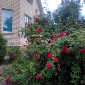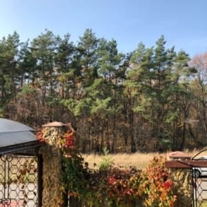 - участок, газон, плодовые деревья, розы, туи.
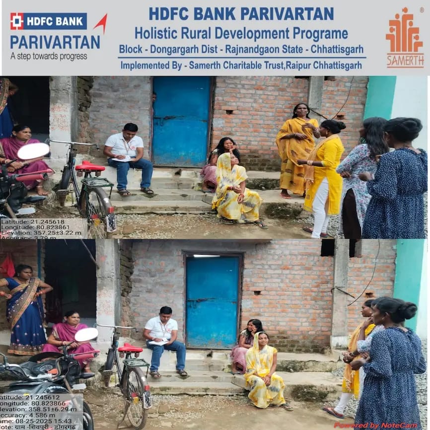 राजनांदगाव।जिला राजनांदगांव के डोंगरगढ ब्लॉक में — HDFC बैंक के HRDP (होलिस्टिक रूरल डेवेलपमेंट प्रोग्राम) ‘परिवर्तन’ प्रोजेक्ट के सहयोग से समर्थ चैरिटेबल ट्रस्ट द्वारा डोंगरगढ़ ब्लॉक की 15 ग्राम पंचायतों में समग्र ग्रामीण विकास की दिशा में अगले 3 वर्षो के लिए महत्वपूर्ण पहल की जा रही है। इन ग्राम पंचायतों में खुर्सीपार, बिलहारी, साहसपुर, पुरैना, कलकसा, अछोली, बेलगांव, विजनापुर, शिवनीकला, मूरमुदा, भोथली, रीवागहन, देवकट्टा, मनकी और शिवपुरी शामिल हैं।
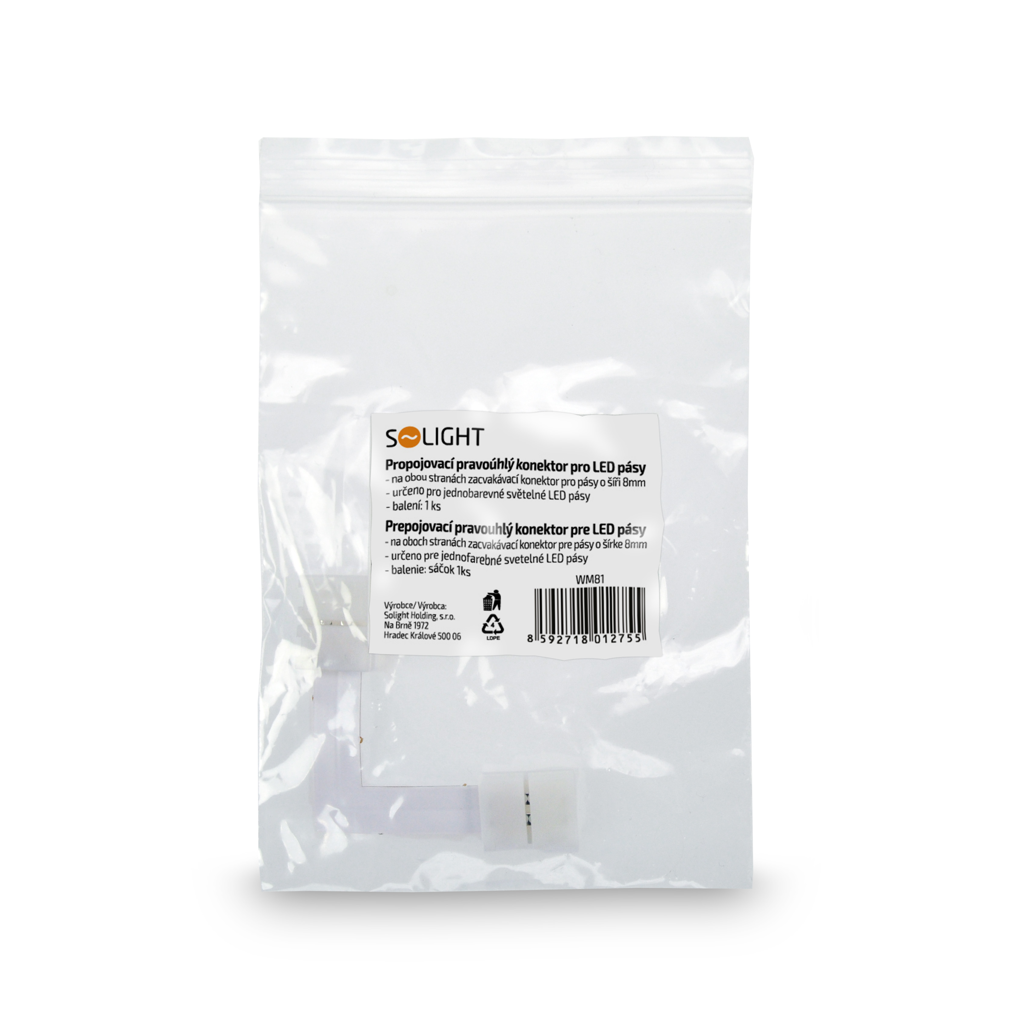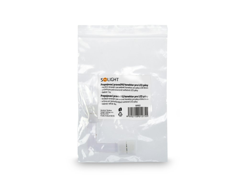 Solight prepojovací pravouhlý konektor pre LED pásy, 8mm zacvakávací konektor na oboch stranách, 1ks, sáčok
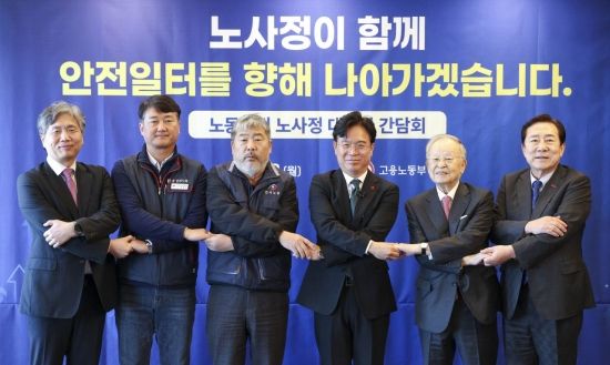 8일 서울 중구 프레스센터에서 열린 '노동안전 노사정 대표자 간담회'에 참석한 노사정 대표자들이 손을 맞잡고 기념촬영 하고 있다. 왼쪽부터 류현철 고용노동부 산업안전보건본부장, 양경수 민주노총 위원장, 김동명 한국노총 위원장, 김영훈 고용노동부 장관, 손경식 한국경영자총협회 회장, 김기문 중소기업중앙회 회장.
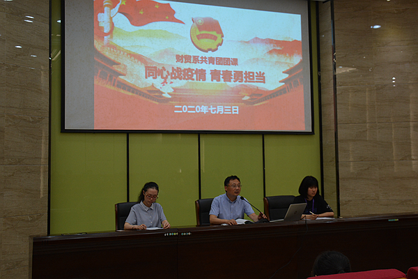 为进一步落实我校疫情防控工作要求,发挥好团的组织和引领作用,做好团员青年的宣传、教育和引导工作。7月3日下午3:20,财贸系组织开展了“同心战疫情、青春勇担当”主题团课活动,18、19级全体团员参加活动。
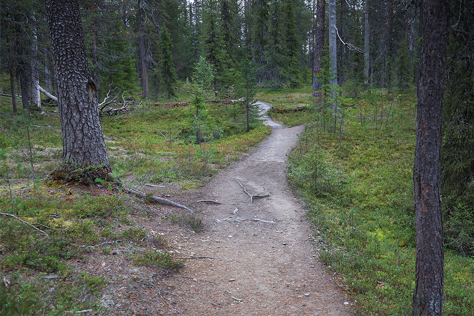 Polku mutkittelee hiekkakankaalla, jossa harjujen välissä on syviä suppia.
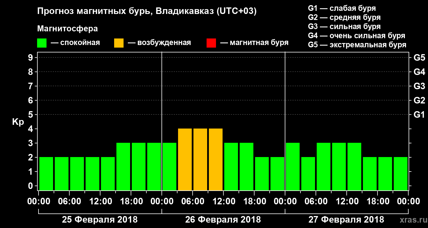 Прогноз магнитных бурь во Владикавказе — 25 февраля 2018 года
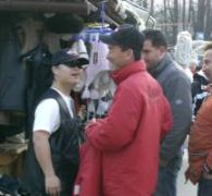 日本選手に会いました。みんなで応援をしました。風が強くて開始時間が
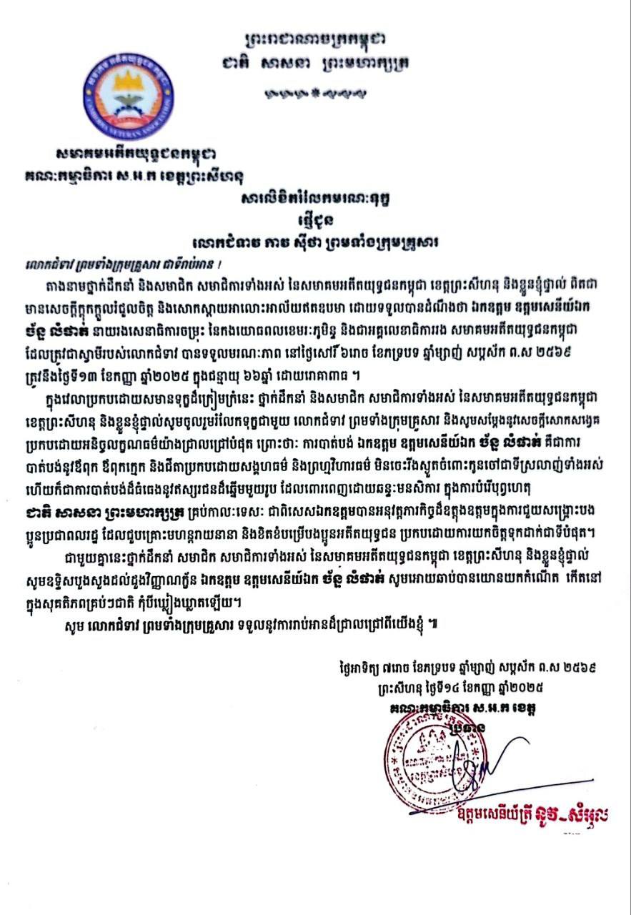 លោកឧត្តមសេនីយ៍ទោ នូវ សំអុល ប្រធាន ស.អ.ក ខេត្តព្រះសីហនុ ផ្ញើសាររំលែកមរណទុក្ខគ្រួសារសព ឯកឧត្តម ឧត្តមសេនីយ៍ឯក ច័ន្ទ លំផាត់ នាយរងសេនាធិការចម្រុះនៃកងយោធពលខេមរភូមិន្ទ។
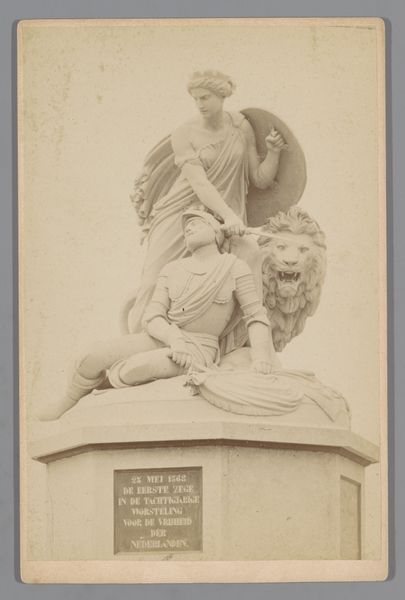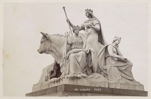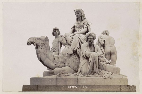 Editor: This is "Beeldengroep aan de voet van het Albert Memorial in Londen: Amerika", a marble sculpture group created by Francis Godolphin Osbourne Stuart between 1878 and 1890. I’m struck by how idealized these figures are; there’s a distinct visual language being employed. How do you interpret this work, especially within its historical context? Curator: The allegory of "America" in this sculpture reveals a great deal about Victorian attitudes towards colonialism and race. Notice how the figures are arranged, particularly the positioning of the indigenous figures in relation to the classically inspired figures, and even the buffalo. Who seems to be in control? Editor: The classically dressed figure certainly appears dominant. It seems to suggest a hierarchy with "civilized" Europe guiding "untamed" America. Curator: Exactly. Consider also the inclusion of the buffalo, representing the American wilderness. What statement does it make by placing it at the feet of the other figures? The sculpture presents a very specific, constructed narrative. Can we accept that today? Editor: I suppose it suggests the subjugation of both nature and indigenous populations in the name of progress and expansion, it doesn't sit well. Curator: And whose progress? Who is benefitting, and at whose expense? These are vital questions to consider when engaging with works like this. It’s a monument, yes, but it’s also a deeply political statement reflecting the values and biases of its time. What would you want viewers to consider? Editor: I think I would want them to understand the historical context and question the narratives that are being presented. Art isn’t neutral. Curator: Precisely. By examining these historical pieces critically, we can better understand how these biases continue to shape our present.
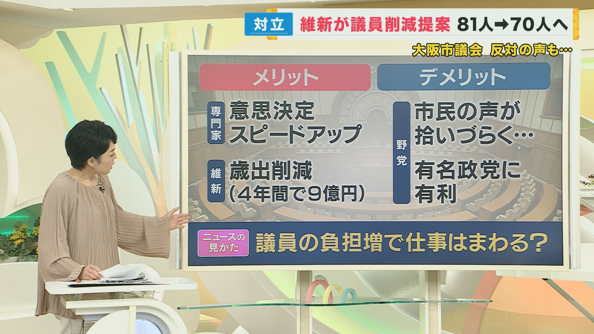 大阪市議会で過半数を持つ「大阪維新の会」が、議員を11人削減するという案を、16日に正式に承認しました。「身を切る改革」の一つですが、どんなメリット・デメリットがあるのでしょうか。
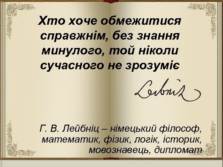 Хто хоче обмежитися справжнім, без знання минулого, той ніколи сучасного не зрозуміє Г. В. Лейбніц – німецький філософ, математик, фізик, логік, історик, мовознавець, дипломат
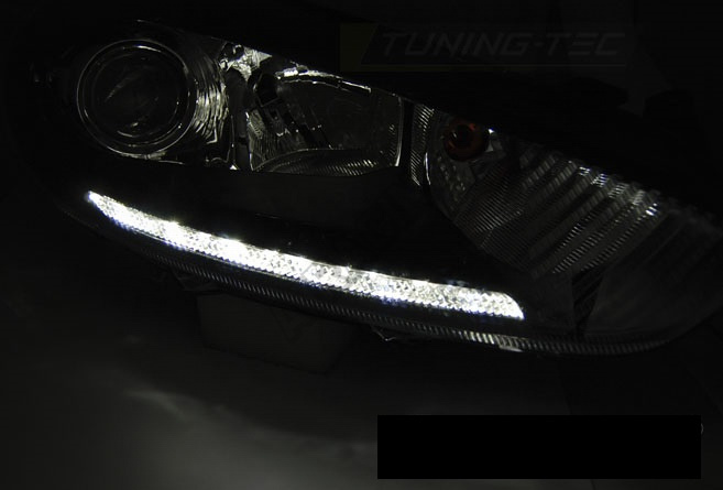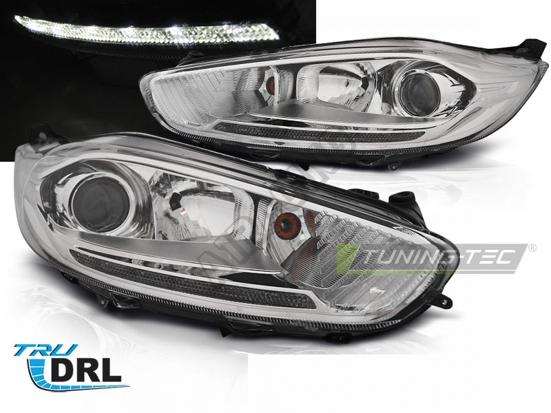 Ford Fiesta MK7 13-16 přední čirá světla LED DRL chrome (LPFO68)
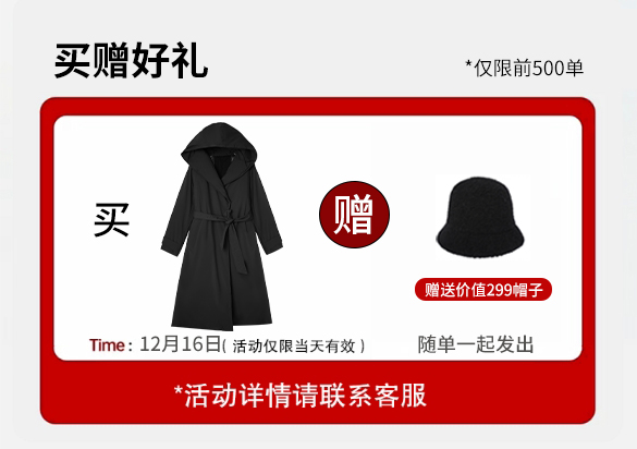 NORNS LADY诺恩 冬季新款女式连帽收腰长款休闲外套 H25WS04962
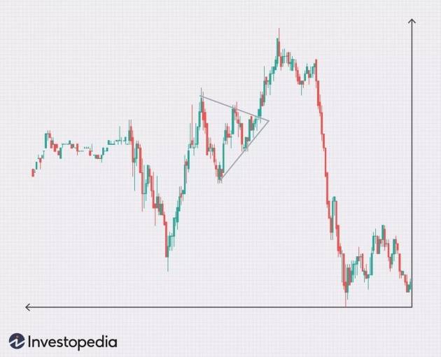 페넌트 형 패턴은 두 개의 추세선이 한곳에서 만날 때 발생한다. 좀 더 정확히 설명하면 하나의 추세선은 밑으로 향하고, 다른 하나의 추세선은 위로 향하여 한 곳에서 만나는 모양이다(아래 그림). 보통 페넌트 형 패턴이 형성되는 중에는 거래량이 감소하다가, 갑자기 거래량이 늘며 가격도 따라 급등하는 모습을 보인다.
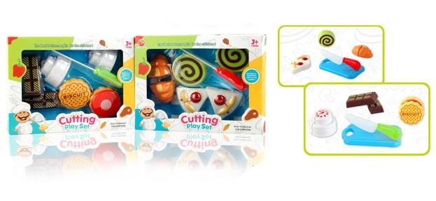Zestaw dla dzieci z ciastkami i słodyczami do krojenia. W zestawie znajdują torty i inne słodkości, które można przekroić na pół. Do zestawu dołączoną deskę do krojenia oraz bezpieczny nożyk. Zestaw wykonany z wysokiej jakości materiałów z zachowaniem drobnych szczegółów. Zestaw składa się z 8 elementów w tym 3 można przekroić na pół. Elementy łączą się przy pomocy rzepów.
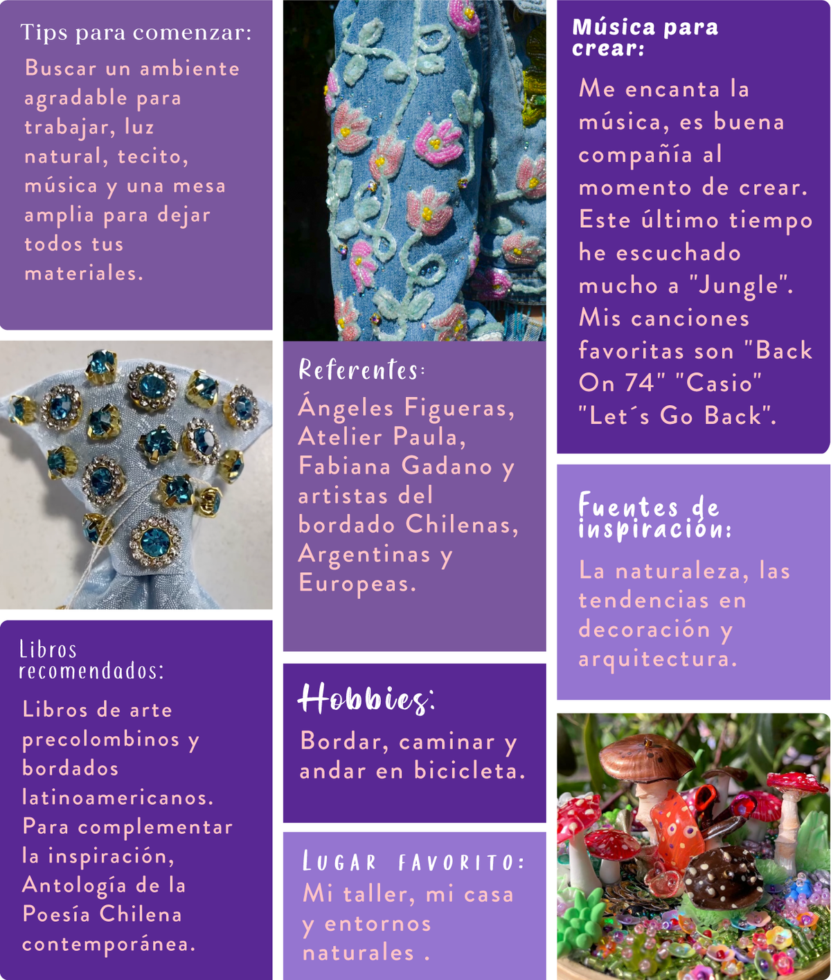 Migna nace en 2020, luego de muchos tropiezos y pruebas anteriores, con la idea de reutilizar prendas, dándoles una nueva vida para que cuenten nuevas historias. Luego de pasar una etapa difícil en mi vida, hizo que me conectara y aferrara aún más a los hilos y agujas. Mis bordados se transformaron junto conmigo y cree una nueva línea de chaquetas con mucha pedrería, diseños únicos para cada mujer, hice de una prenda una obra de arte. Atelier Paula me incentivó a explorar aún más el uso de plásticos incorporándolos a mis bordados con hilos y pedrería. Dedique horas al estudio del reciclaje, su conformación, usos, impacto ambiental y formas de reutilización. Explorar y experimentar con el plástico me llevó a crear carteras, accesorios y jardines fungi. Si quieres saber más de mí, te invito a seguir mi página de Instagram @migna_arte.ecotextil.
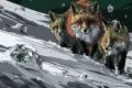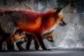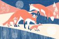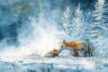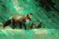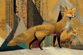 Cubist Winter Wonderland: A Sierra Red Fox Family in Snow
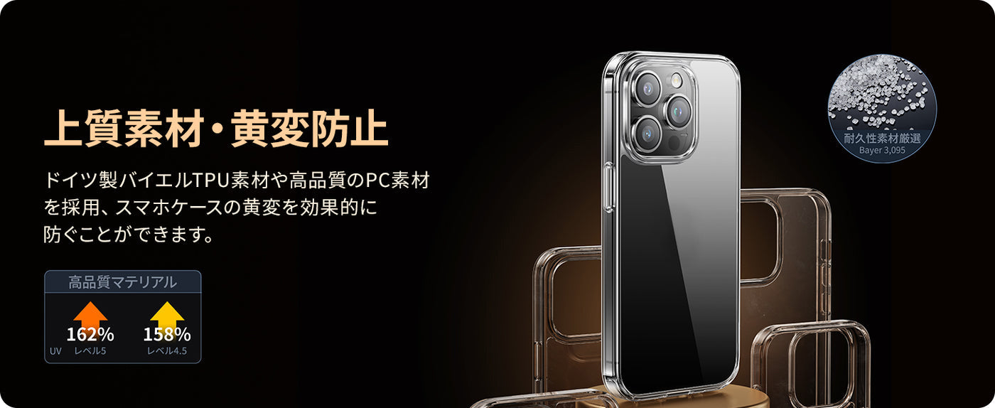 • 【最新改良・黄変防止強化材質】ドイツ製バイエルTPU素材や高品質のPC素材を採用、TPU高分子にUV剤を添加し、黄変防止レベルは4.5級を獲得。スマホを長時間使用しても光沢感、透明感を保つことができます!ワイヤレス充電にも対応していて迅速な充電が可能。あなたの生活をより便利で快適なものにします。
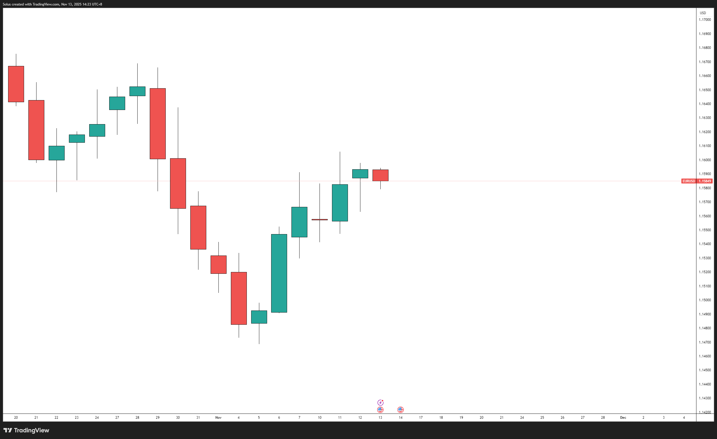 The broader structure shows that EURUSD has climbed from earlier November lows, but buyers are now waiting for confirmation before attempting to break above the 1.16059 ceiling.
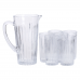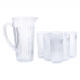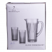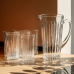 Набор для напитков состоит из одного кувшина и шести стаканов, изготовленных из прозрачного стекла. Все элементы имеют рельефную (ребристую) внешнюю поверхность, что обеспечивает надежный захват и снижает риск случайного выскальзывания из рук. Стеклянный материал устойчив к изменению температур и не впитывает запахов, что делает набор пригодным для ежедневного использования с холодными или комнатной температуры напитками. Характеристики набора стаканов с кувшином высота кувшина: 23 см; диаметр кувшина: верх - 12 см, низ - 8.5 см; высота стаканов: 13.5 см; диаметр стаканов: верх - 7 см, низ - 6 см; объем кувшина: 1.2 л; объем стаканов: 320 мл; материал: стекло; количество предметов: 7 (6 стаканов + 1 кувшин). Кувшин имеет эргономичную ручку и носик для комфортного наливания жидкости, объем позволяет удобно сервировать напитки для семьи или гостей. Стаканы имеют классическую цилиндрическую форму, достаточную вместимость для порционного использования, а также толстые стенки для повышенной прочности. Все части набора легко очищаются вручную или в посудомоечной машине. Этот комплект подходит для подачи воды, компота, лимонада, сока и других безалкогольных напитков как в домашних условиях, так и в заведениях питания. Благодаря простому дизайну из прозрачного стекла набор гармонично вписывается в любой интерьер кухни или сервировки стола.

*How to complete this task:* Transcribe the listing above exactly, but only from the line with "日本選手に会いました。みんなで応援をしました。風が強くて開始時間が" through the line with "លោកឧត្តមសេនីយ៍ទោ នូវ សំអុល". Include both of those lines and omit the pictures.

*Task result:*
 日本選手に会いました。みんなで応援をしました。風が強くて開始時間が
 លោកឧត្តមសេនីយ៍ទោ នូវ សំអុល ប្រធាន ស.អ.ក ខេត្តព្រះសីហនុ ផ្ញើសាររំលែកមរណទុក្ខគ្រួសារសព ឯកឧត្តម ឧត្តមសេនីយ៍ឯក ច័ន្ទ លំផាត់ នាយរងសេនាធិការចម្រុះនៃកងយោធពលខេមរភូមិន្ទ។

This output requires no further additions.